_DATA SHOWN_.
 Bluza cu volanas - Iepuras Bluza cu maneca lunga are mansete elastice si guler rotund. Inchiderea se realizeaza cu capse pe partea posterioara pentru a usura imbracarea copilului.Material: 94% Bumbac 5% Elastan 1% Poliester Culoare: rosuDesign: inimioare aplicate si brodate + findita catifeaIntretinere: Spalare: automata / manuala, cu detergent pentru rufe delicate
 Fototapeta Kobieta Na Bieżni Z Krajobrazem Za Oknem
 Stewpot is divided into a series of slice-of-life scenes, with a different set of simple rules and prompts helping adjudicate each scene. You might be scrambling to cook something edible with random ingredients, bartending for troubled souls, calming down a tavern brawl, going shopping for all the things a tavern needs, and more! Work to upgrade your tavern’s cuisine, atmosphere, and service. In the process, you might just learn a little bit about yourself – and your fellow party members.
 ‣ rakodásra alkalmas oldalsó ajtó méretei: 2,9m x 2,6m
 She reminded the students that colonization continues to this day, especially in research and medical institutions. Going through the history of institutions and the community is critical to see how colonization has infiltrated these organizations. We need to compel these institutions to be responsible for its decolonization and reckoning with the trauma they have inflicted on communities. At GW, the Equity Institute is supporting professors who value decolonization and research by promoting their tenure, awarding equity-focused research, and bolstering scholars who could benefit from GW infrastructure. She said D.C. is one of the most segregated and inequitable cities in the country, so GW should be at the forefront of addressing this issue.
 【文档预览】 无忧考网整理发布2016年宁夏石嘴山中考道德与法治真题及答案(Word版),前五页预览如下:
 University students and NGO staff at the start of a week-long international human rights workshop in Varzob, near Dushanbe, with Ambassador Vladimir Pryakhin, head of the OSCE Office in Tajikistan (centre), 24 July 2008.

==

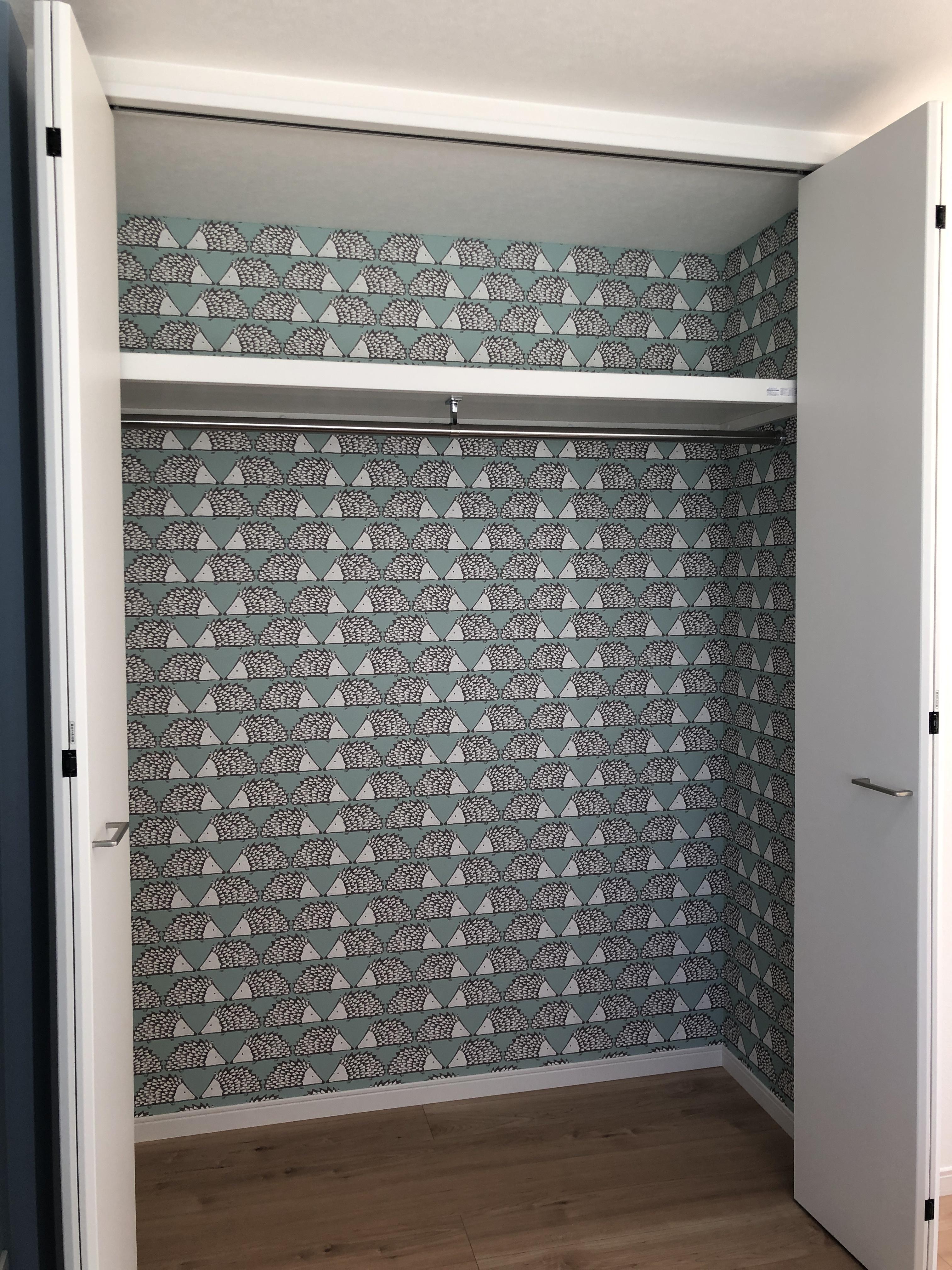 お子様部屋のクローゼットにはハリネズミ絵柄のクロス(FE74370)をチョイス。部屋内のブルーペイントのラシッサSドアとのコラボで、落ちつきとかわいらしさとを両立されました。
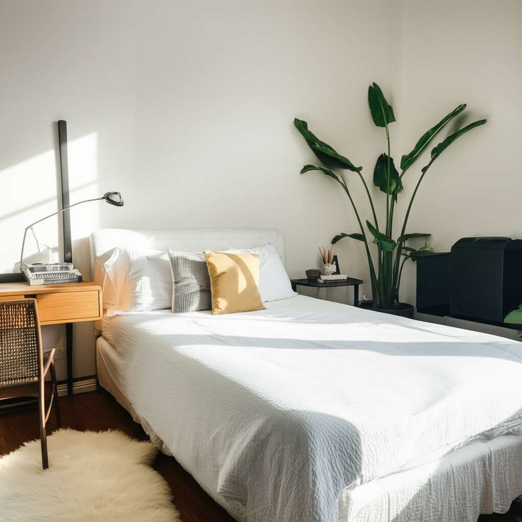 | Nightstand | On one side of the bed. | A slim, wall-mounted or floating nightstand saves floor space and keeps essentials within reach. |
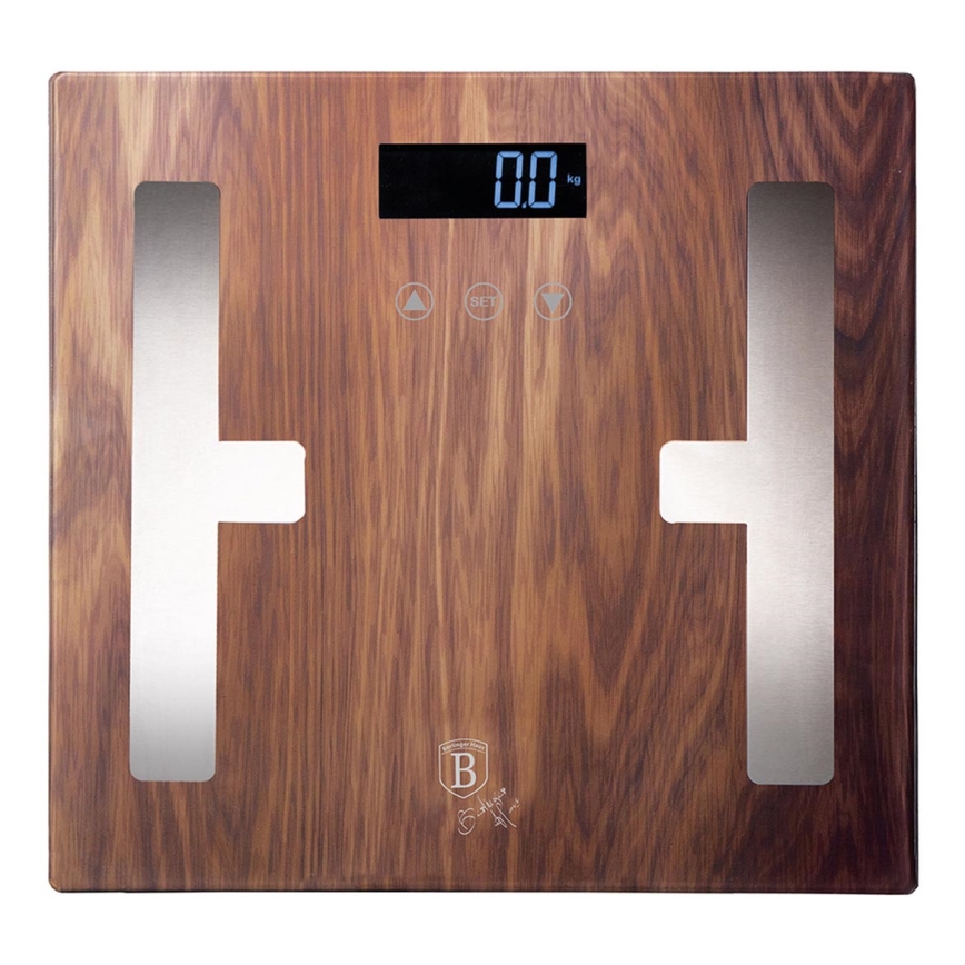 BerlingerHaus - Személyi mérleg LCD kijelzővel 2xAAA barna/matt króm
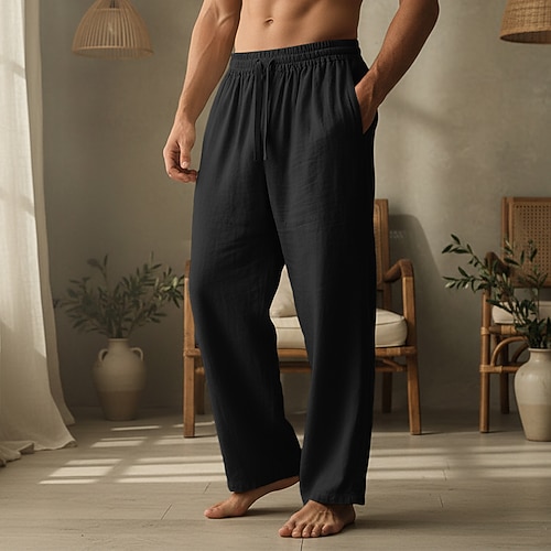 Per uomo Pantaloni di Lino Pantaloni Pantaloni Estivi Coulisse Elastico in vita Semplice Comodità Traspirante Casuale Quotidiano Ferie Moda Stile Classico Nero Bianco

--

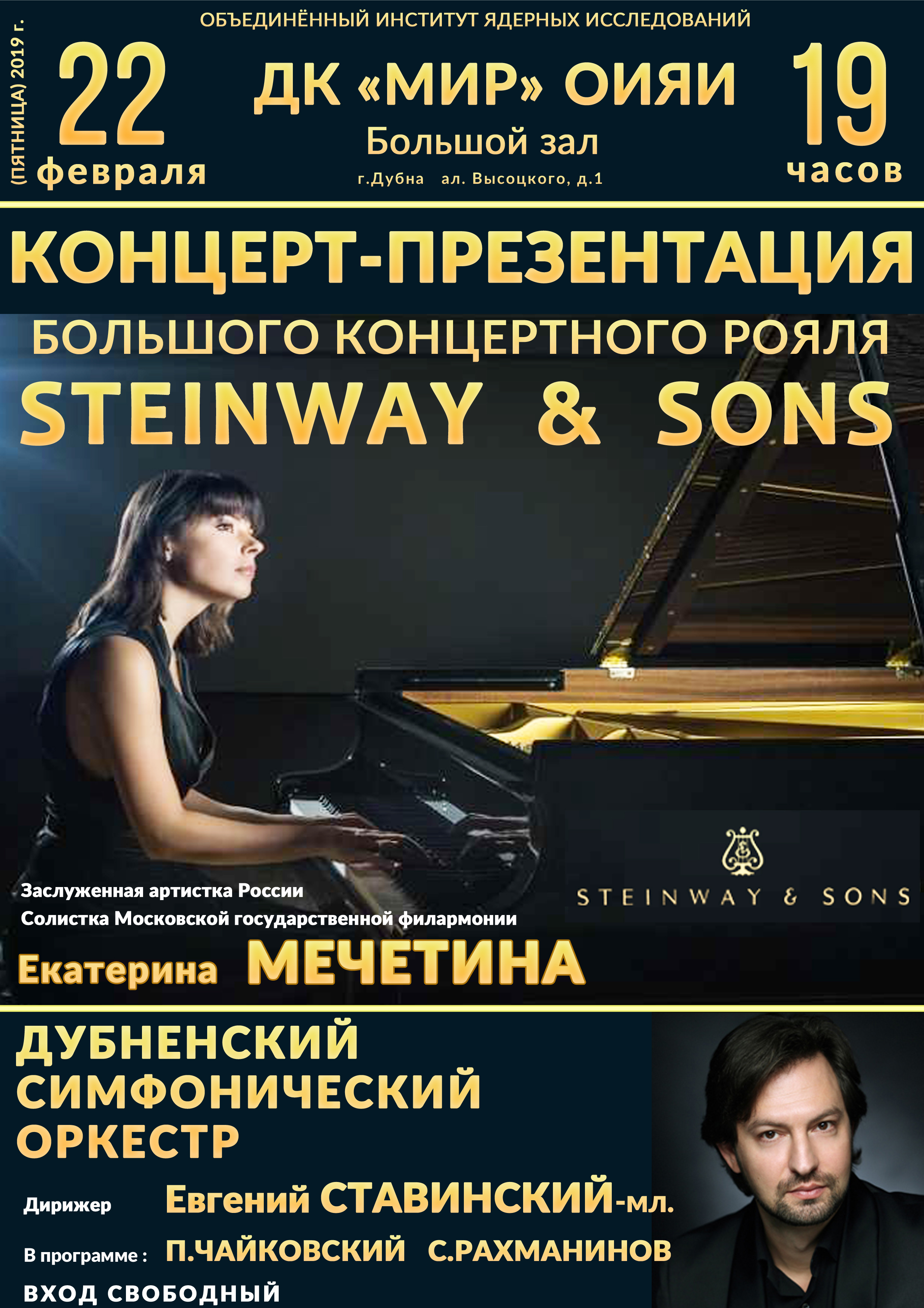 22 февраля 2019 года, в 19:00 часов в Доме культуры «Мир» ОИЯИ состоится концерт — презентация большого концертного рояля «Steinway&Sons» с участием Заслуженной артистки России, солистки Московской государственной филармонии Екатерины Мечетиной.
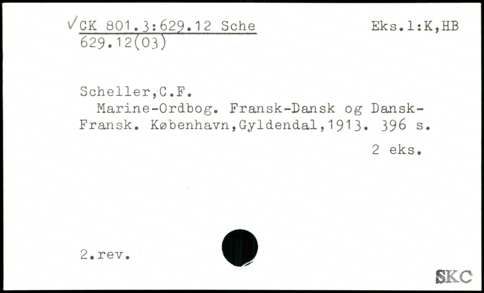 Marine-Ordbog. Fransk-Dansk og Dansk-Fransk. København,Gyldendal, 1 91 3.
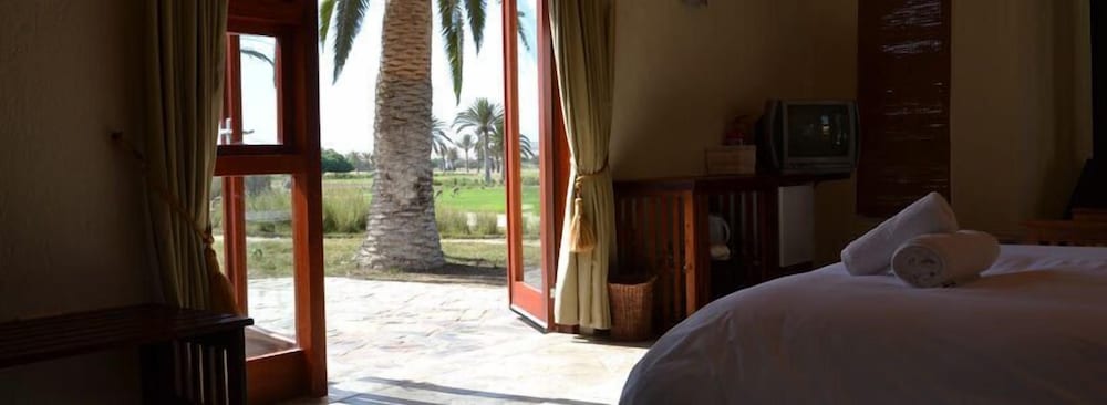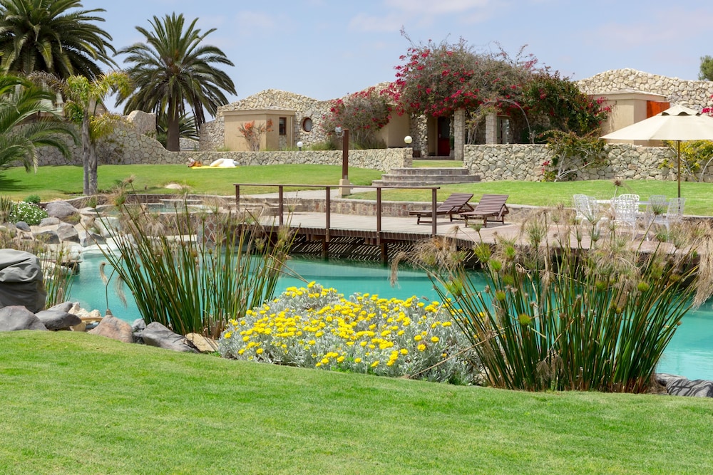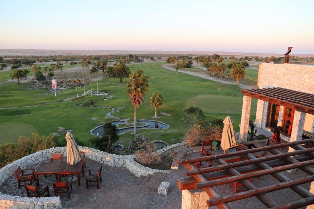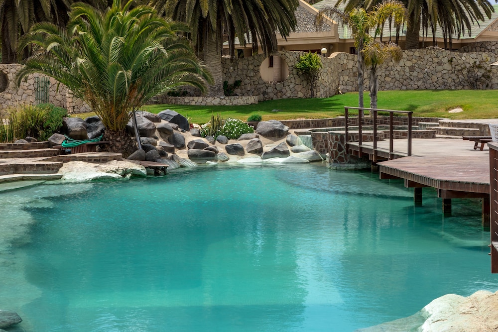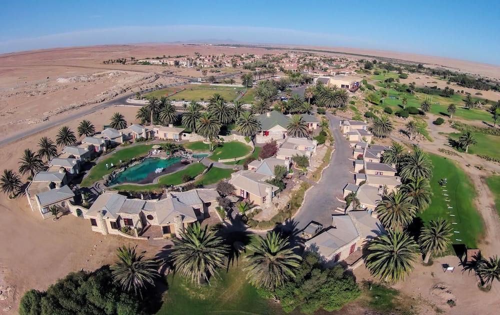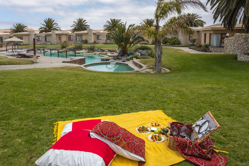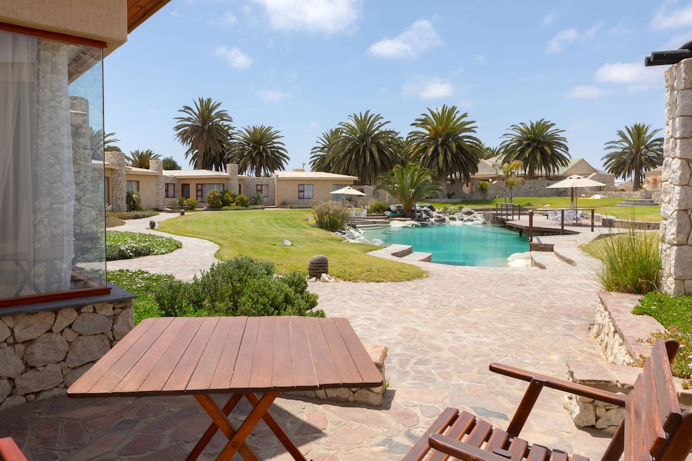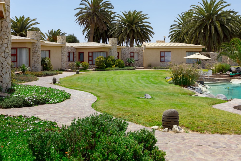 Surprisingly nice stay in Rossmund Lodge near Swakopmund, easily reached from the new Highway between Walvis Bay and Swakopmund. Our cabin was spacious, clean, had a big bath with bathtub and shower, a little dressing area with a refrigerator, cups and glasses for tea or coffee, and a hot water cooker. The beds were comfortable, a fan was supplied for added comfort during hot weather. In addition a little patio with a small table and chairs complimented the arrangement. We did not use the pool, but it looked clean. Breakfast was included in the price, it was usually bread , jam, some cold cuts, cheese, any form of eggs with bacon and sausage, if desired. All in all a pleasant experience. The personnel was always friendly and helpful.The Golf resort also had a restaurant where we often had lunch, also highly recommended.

_WHAT THE EXERCISE ASKS_.
Among the records, find each line where the word "students" occurs, and copy it.

_TASK SOLUTION_.
 She reminded the students that colonization continues to this day, especially in research and medical institutions. Going through the history of institutions and the community is critical to see how colonization has infiltrated these organizations. We need to compel these institutions to be responsible for its decolonization and reckoning with the trauma they have inflicted on communities. At GW, the Equity Institute is supporting professors who value decolonization and research by promoting their tenure, awarding equity-focused research, and bolstering scholars who could benefit from GW infrastructure. She said D.C. is one of the most segregated and inequitable cities in the country, so GW should be at the forefront of addressing this issue.
 University students and NGO staff at the start of a week-long international human rights workshop in Varzob, near Dushanbe, with Ambassador Vladimir Pryakhin, head of the OSCE Office in Tajikistan (centre), 24 July 2008.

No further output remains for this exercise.